(Dataset entries)
****
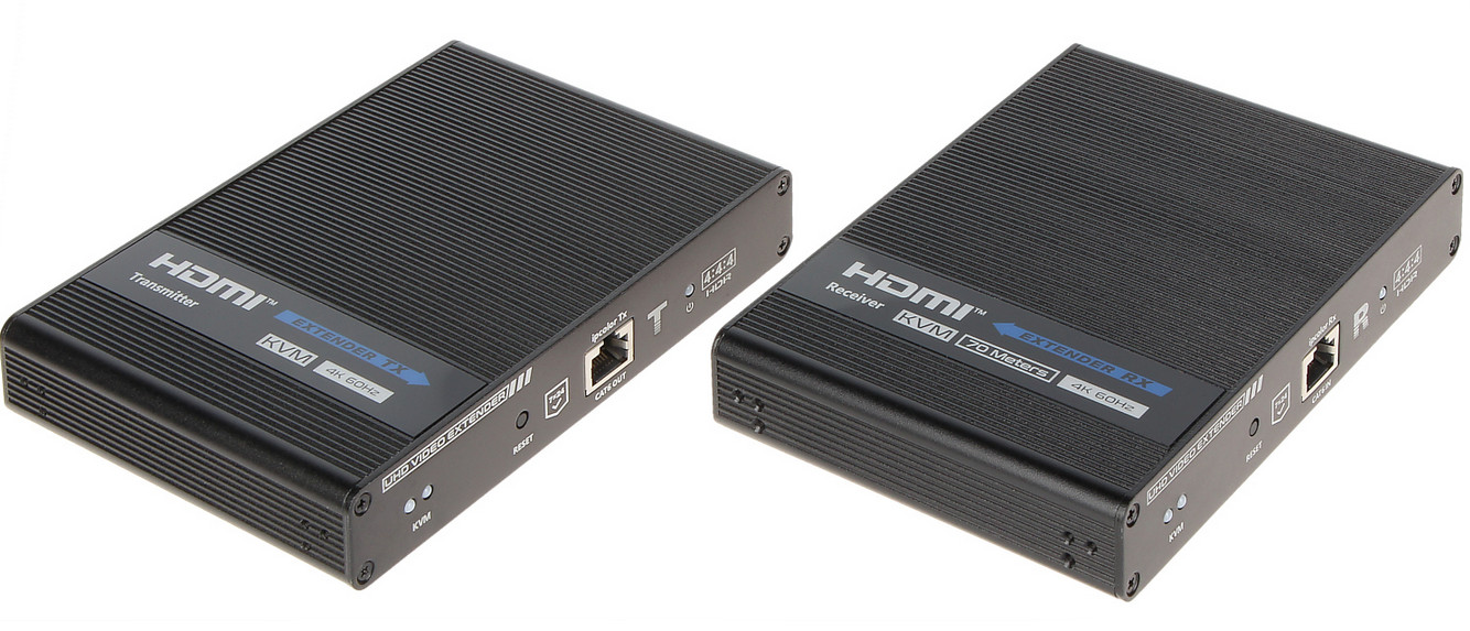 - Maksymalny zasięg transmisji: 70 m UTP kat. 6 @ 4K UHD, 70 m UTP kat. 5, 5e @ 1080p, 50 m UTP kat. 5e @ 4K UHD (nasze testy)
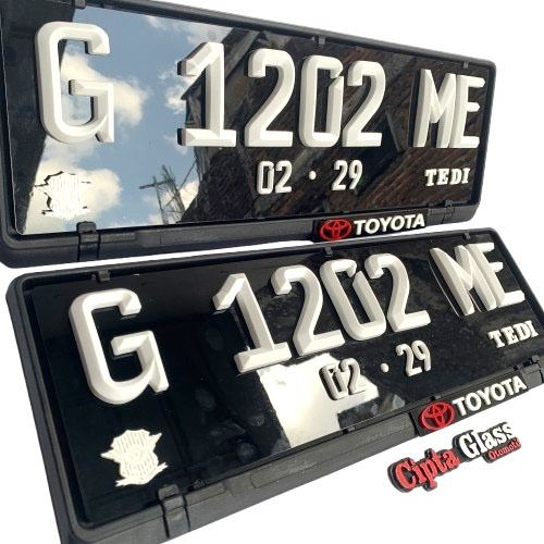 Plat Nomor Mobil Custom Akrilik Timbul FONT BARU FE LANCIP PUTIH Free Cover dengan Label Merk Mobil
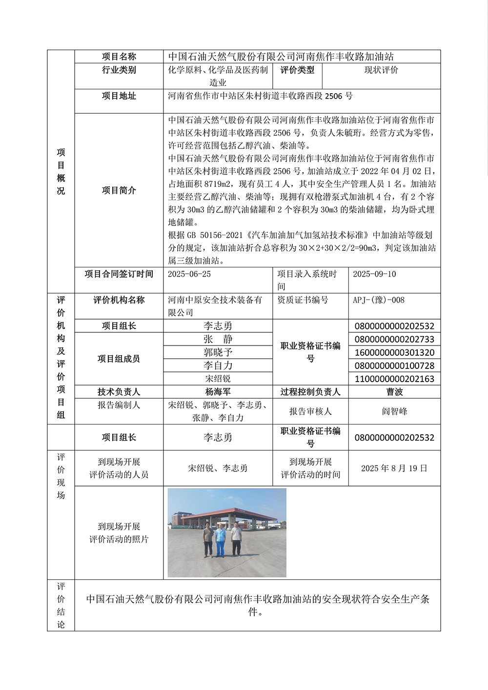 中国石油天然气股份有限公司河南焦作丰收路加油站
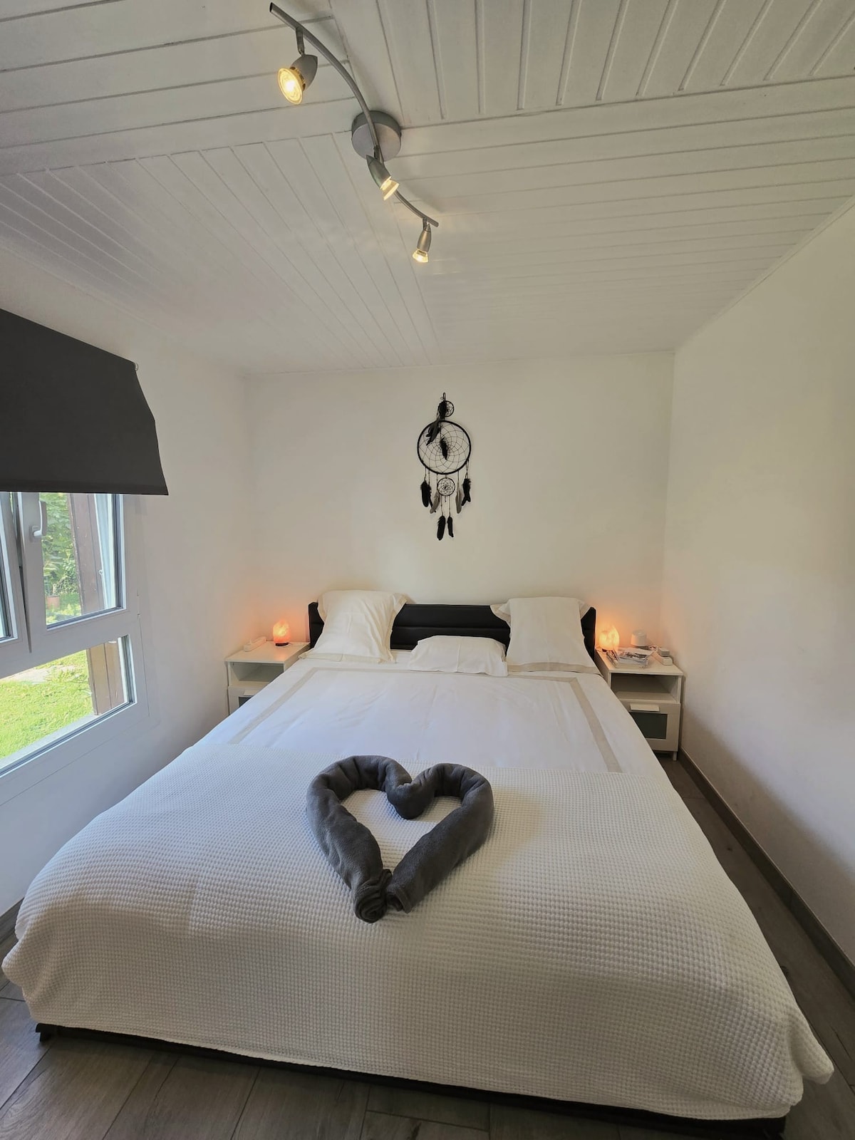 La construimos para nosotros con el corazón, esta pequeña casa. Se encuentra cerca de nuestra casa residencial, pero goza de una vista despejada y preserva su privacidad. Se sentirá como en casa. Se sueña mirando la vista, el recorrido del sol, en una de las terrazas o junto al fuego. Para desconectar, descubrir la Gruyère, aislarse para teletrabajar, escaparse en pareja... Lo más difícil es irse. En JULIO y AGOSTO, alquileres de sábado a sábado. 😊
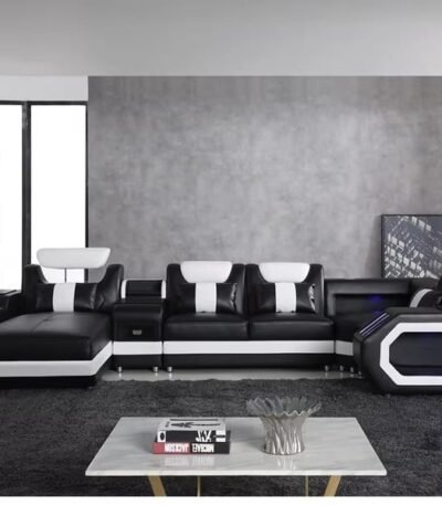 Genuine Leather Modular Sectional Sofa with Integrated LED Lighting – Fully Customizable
****
§ WHAT YOU HAVE TO DO
Give back the entries verbatim but drop every picture.

§ EXPECTED OUTPUT
 - Maksymalny zasięg transmisji: 70 m UTP kat. 6 @ 4K UHD, 70 m UTP kat. 5, 5e @ 1080p, 50 m UTP kat. 5e @ 4K UHD (nasze testy)
 Plat Nomor Mobil Custom Akrilik Timbul FONT BARU FE LANCIP PUTIH Free Cover dengan Label Merk Mobil
 中国石油天然气股份有限公司河南焦作丰收路加油站
 La construimos para nosotros con el corazón, esta pequeña casa. Se encuentra cerca de nuestra casa residencial, pero goza de una vista despejada y preserva su privacidad. Se sentirá como en casa. Se sueña mirando la vista, el recorrido del sol, en una de las terrazas o junto al fuego. Para desconectar, descubrir la Gruyère, aislarse para teletrabajar, escaparse en pareja... Lo más difícil es irse. En JULIO y AGOSTO, alquileres de sábado a sábado. 😊
 Genuine Leather Modular Sectional Sofa with Integrated LED Lighting – Fully Customizable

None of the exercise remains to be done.